Records from a data collection:
***
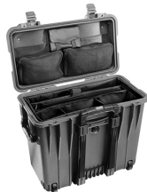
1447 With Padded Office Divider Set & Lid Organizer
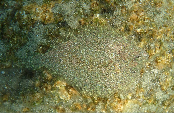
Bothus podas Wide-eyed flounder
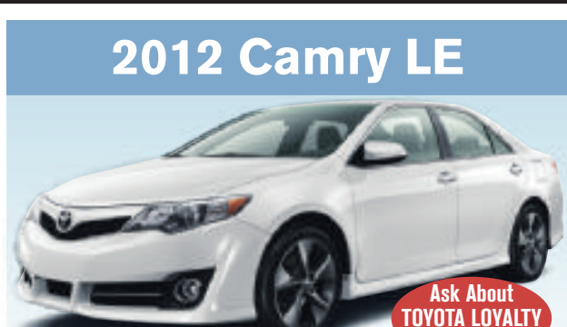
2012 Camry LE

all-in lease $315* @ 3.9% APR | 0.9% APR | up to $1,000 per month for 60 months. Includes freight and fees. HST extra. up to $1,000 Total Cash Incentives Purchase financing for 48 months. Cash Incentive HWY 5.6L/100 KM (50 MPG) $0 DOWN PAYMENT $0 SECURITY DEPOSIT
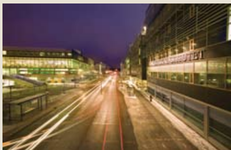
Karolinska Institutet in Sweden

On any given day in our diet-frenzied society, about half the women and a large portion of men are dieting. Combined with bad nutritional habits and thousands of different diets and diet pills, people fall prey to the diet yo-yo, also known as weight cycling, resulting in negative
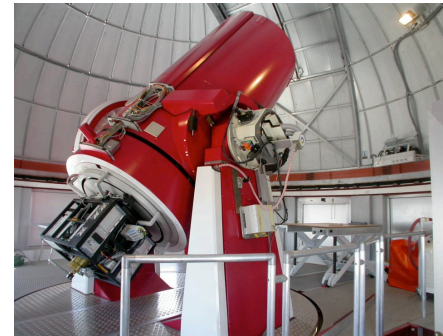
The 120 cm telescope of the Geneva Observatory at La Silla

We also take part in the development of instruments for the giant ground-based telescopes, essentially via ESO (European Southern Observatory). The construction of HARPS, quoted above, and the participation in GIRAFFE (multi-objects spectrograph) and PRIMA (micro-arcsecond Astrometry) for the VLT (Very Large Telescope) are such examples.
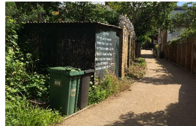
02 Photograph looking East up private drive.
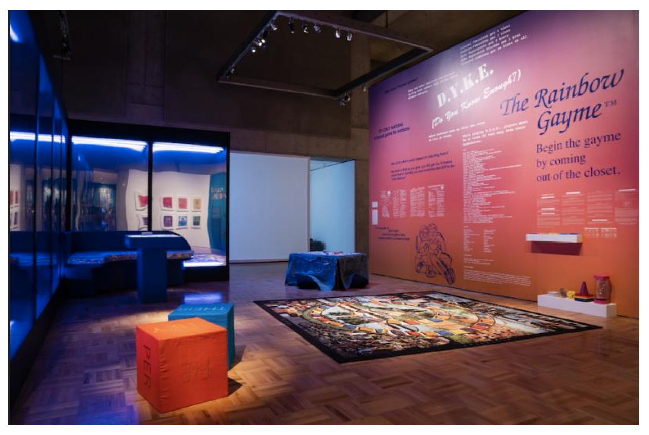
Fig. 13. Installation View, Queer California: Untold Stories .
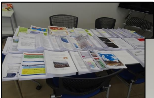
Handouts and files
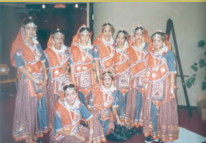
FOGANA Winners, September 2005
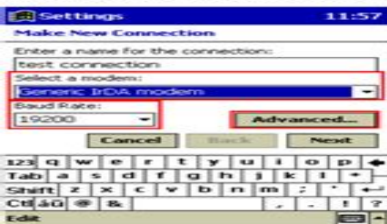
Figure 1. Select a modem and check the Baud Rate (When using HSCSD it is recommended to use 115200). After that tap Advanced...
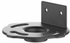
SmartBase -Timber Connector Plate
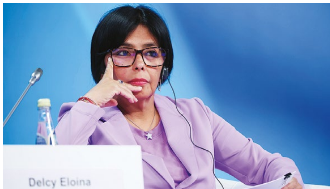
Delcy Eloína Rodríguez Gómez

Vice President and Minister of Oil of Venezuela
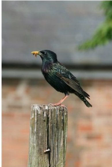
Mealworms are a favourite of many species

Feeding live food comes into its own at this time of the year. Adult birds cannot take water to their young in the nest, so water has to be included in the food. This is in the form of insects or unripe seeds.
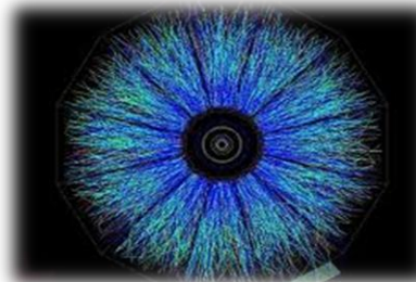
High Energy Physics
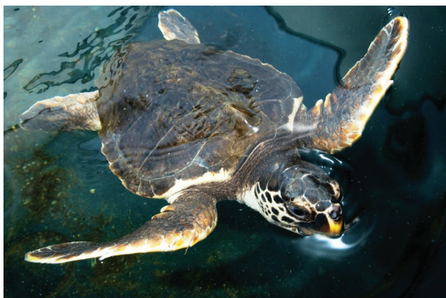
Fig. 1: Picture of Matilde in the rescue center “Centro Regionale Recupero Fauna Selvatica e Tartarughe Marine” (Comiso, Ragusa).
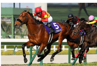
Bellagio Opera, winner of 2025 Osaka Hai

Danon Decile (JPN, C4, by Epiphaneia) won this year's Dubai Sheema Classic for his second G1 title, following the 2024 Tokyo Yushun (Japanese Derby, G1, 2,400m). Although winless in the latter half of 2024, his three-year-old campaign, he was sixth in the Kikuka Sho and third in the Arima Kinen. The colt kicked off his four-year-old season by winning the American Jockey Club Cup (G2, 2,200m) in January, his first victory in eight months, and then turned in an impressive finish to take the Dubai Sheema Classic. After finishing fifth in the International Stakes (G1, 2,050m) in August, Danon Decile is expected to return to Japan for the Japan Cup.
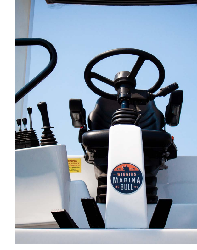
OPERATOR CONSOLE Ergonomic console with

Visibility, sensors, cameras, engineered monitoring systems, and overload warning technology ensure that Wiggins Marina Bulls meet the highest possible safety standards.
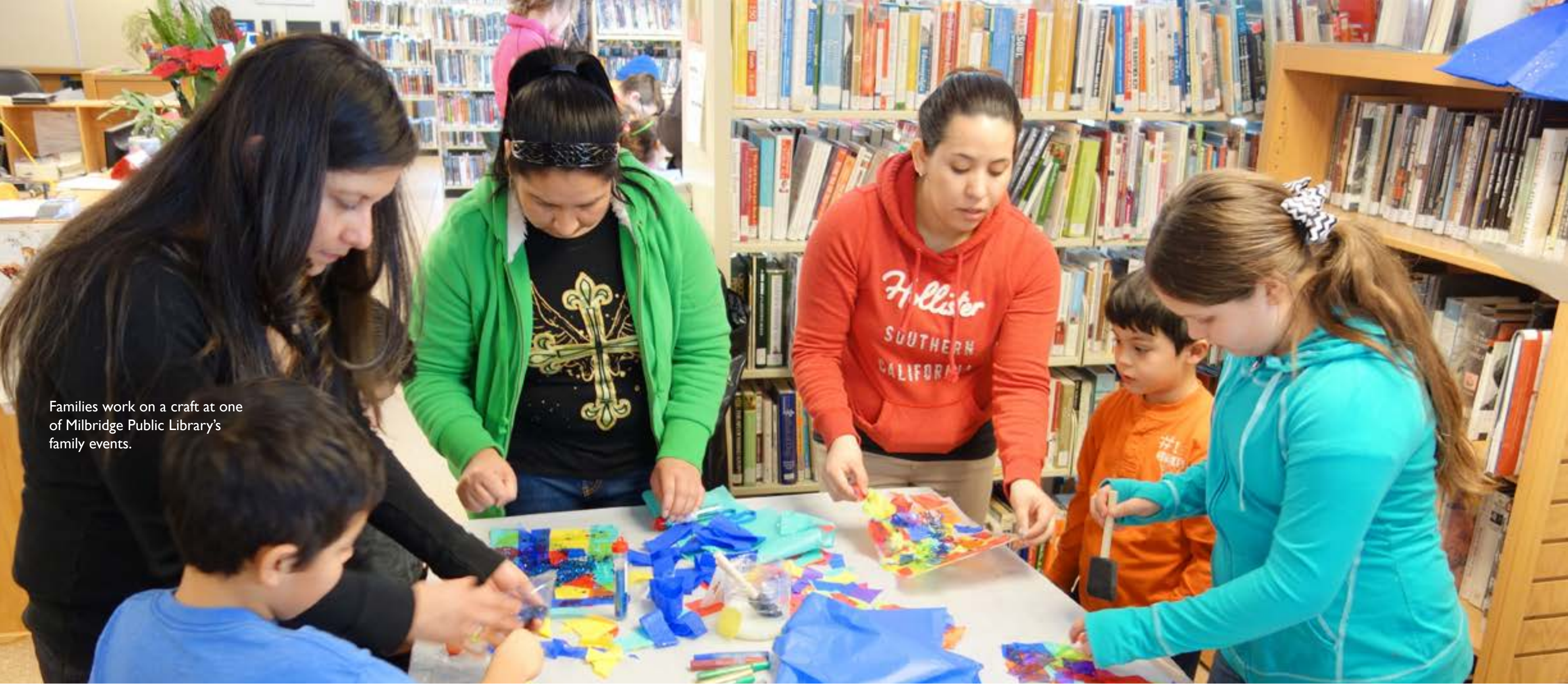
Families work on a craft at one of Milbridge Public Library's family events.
***
▸ TASK GOAL
Would you restate, exactly and with no pictures, the lines of the entries above from the one containing "Fig. 13. Installation" through the one containing "SmartBase -Timber Connector Plate"?

▸ EXERCISE SOLUTION
Fig. 13. Installation View, Queer California: Untold Stories .
Handouts and files
FOGANA Winners, September 2005
Figure 1. Select a modem and check the Baud Rate (When using HSCSD it is recommended to use 115200). After that tap Advanced...
SmartBase -Timber Connector Plate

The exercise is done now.